I have a dictionary A, and a possible entry foo. I know that A[foo] should be equal to x, but I don't know if A[foo] has been already defined. In any case if A[foo] has been defined it means that it already has the correct value.

It is faster to execute:

if foo not in A.keys(): 
   A[foo]=x 

or simply update

A[foo]=x 

because by the time the computer has found the foo entry, it can as well update it. While if not I would have to call the hash table two times?

Thanks.

like image 998
Pietro Speroni Avatar asked Nov 27 '22 00:11

Pietro Speroni


1 Answers

Just add items to the dictionary without checking for their existence. I added 100,000 items to a dictionary using 3 different methods and timed it with the timeit module.
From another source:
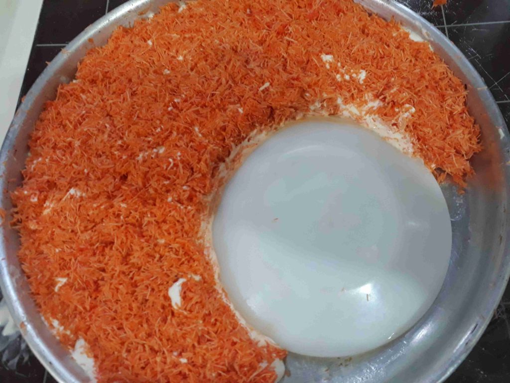 أكسر الكنافة بيدي الى ان تصبح ناعمة واضيف السمنة وافركها جيدا الى ان تتغطى جيدا…اضيف اللون البرتقالي بعد ما خلطته مع الماء وافرك به الكنافة الى ان تاخذ اللون البرتقالي كله….

  1. if k not in d: d[k] = v
  2. d.setdefault(k, v)
  3. d[k] = v

Option 3 was the fastest, but not by much.

[ Actually, I also tried if k not in d.keys(): d[k] = v, but that was slower by a factor of 300 (each iteration built a list of keys and performed a linear search). It made my tests so slow that I left it out here. ]

Here's my code:

import timeit

setup = """
import random
random.seed(0)
item_count = 100000
# divide key range by 5 to ensure lots of duplicates 
items = [(random.randint(0, item_count/5), 0) for i in xrange(item_count)]
"""
in_dict = """
d = {}
for k, v in items:
    if k not in d:
        d[k] = v
"""
set_default = """
d = {}
for k, v in items:
    d.setdefault(k, v)
"""
straight_add = """
d = {}
for k, v in items:
    d[k] = v
"""
print 'in_dict      ', timeit.Timer(in_dict, setup).timeit(1000)
print 'set_default  ', timeit.Timer(set_default, setup).timeit(1000)
print 'straight_add ', timeit.Timer(straight_add, setup).timeit(1000)

And the results:

in_dict       13.090878085
set_default   21.1309413091
straight_add  11.4781760635

Note: This is all pretty pointless. We get many questions daily about what's the fastest way to do x or y in Python. In most cases, it is clear that the question was being asked before any performance issues were encountered. My advice? Focus on writing the clearest program you can write and if it's too slow, profile it and optimize where needed. In my experience, I almost never get to to profile and optimize step. From the description of the problem, it seems as if dictionary storage will not be the major bottle-neck in your program.